Марина пристально посмотрела на Бориса, спросила тихо, с боязнью:
– А у тебя с ними ничего не было?
Он улыбнулся, потрепал ее по голове:
– Я предпочитаю честных женщин, мурлысь!.. Что ж, надо продегустировать «Шардоне», а то уже времечко…
– Да-да, конечно.
Борис ушел в комнату. Марина накинула халат, подняла с пола презерватив. Растянутый, с густой белесой жидкостью внутри; он был мягкий и приятный на ощупь. Пока несла в туалет, потирала тоненькую резину подушечками пальцев. Несла осторожно, как будто что-то хрупкое, слабенькое, живое.
– Слушай, а где у нас штопор? – спросил Борис из комнаты.
– Кажется, на столе и лежит, – с неожиданным раздражением отозвалась она, бросила презерватив в унитаз, спустила воду.
Снова они друг напротив друга. По глоточку пьют вино, ласкаются взглядами. Но, видимо, что-то в лице Марины не так, потому что Борис попросил:
– Пожалуйста, успокойся, родная. Главное, что мы счастливы. Так?
– Конечно, мы счастливы! – Марина игриво взяла яблоко, по-ребячески, с хрустом, откусила. Протянула Борису: – И ты кусай, мужчина!
Он откусил.
– У-у, мед!
– Нравится?
– Из твоих рук мне всё нравится, мурлысь.
– Всё-всё?
– Абсолютно.
Марина потянулась к нему, он поцеловал ее сначала в нос, потом в губы…
Становилось почти темно; включили фонарик на стене.
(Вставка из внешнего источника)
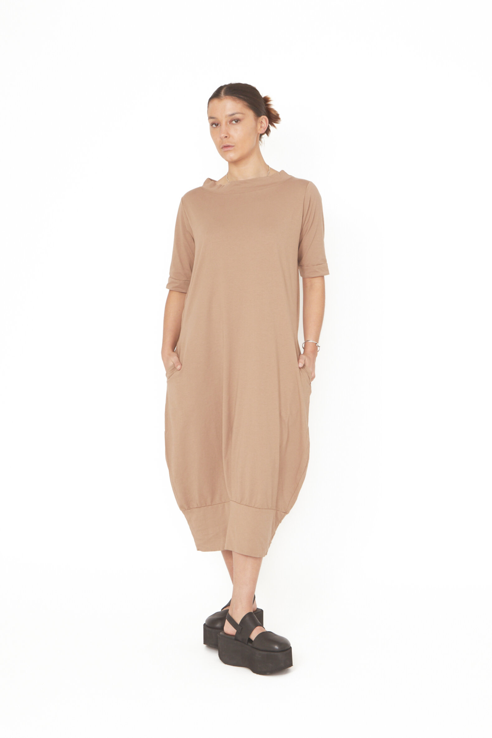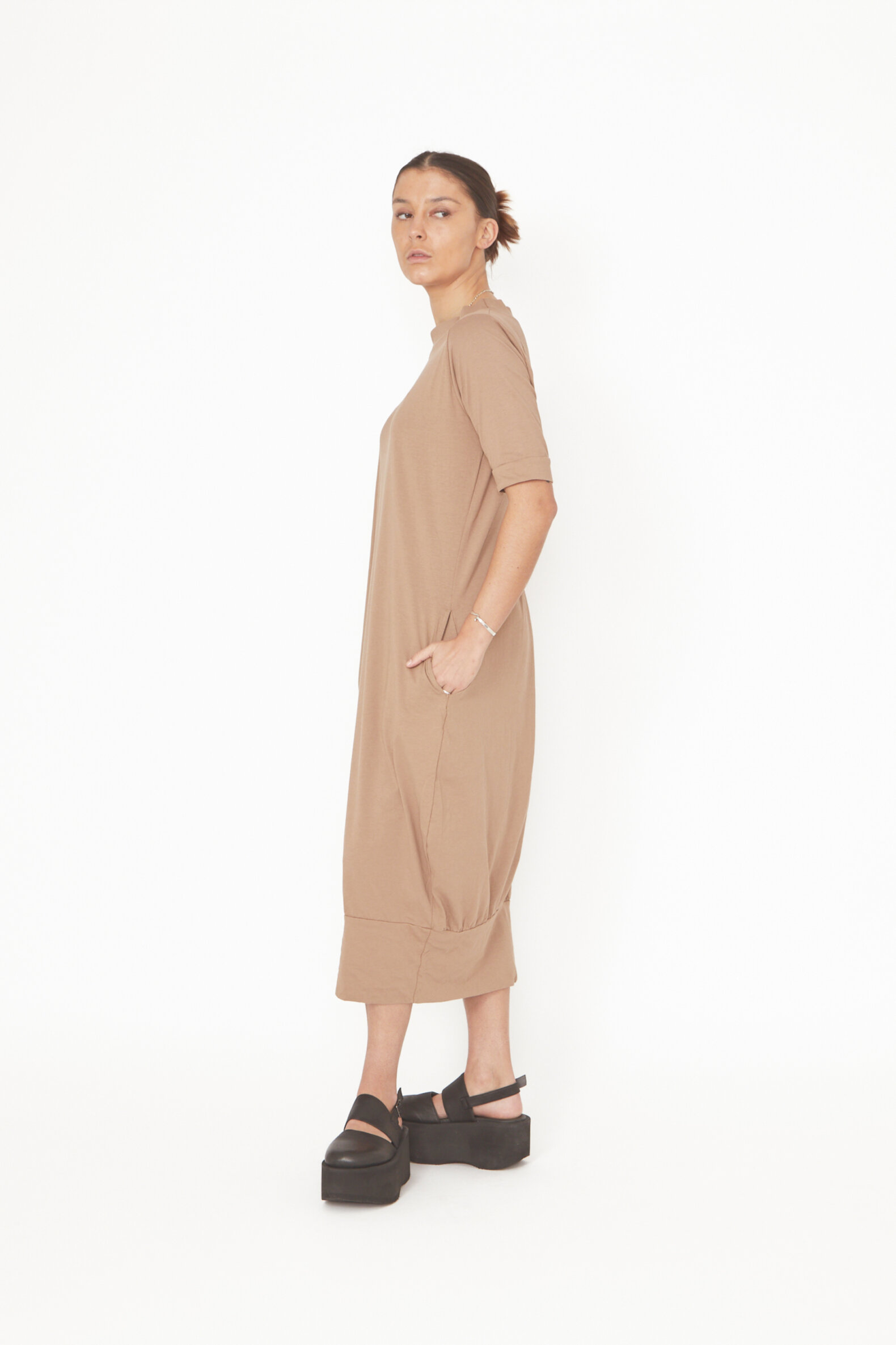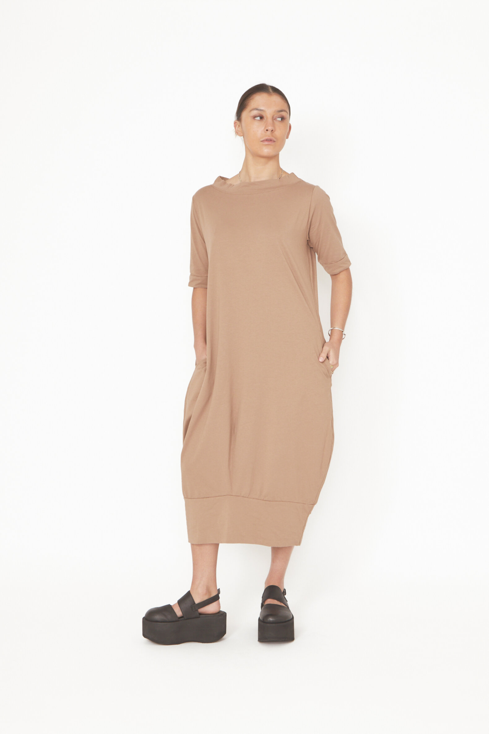 Dress in organic cotton with a boatneck and a nice detail on the back. The dress comes with wide edges on the sleeves and the button.

– Марин, – после паузы, серьезным тоном позвал Борис, пристально глядя на узоры бокала, – я вот хотел спросить тебя. Может, сегодня и не самый подходящий момент, но… Можно, да?
– Конечно, любимый. О чем?
– М-м… О наших отношениях хочу поговорить. – Он коротко взглянул на Марину и снова уставился на бокал, взгляд серьезный и твердый, сейчас это взгляд Бориса Эдуардовича, а в голосе – нерешительность. – Ты бы не хотела… у тебя нет желания все-таки сделать наши отношения более… м-м… Н-ну, оформить наши отношения?
Время от времени Борис спрашивает об этом, точно проверяет ее чувство к себе; Марина научилась отвечать ему.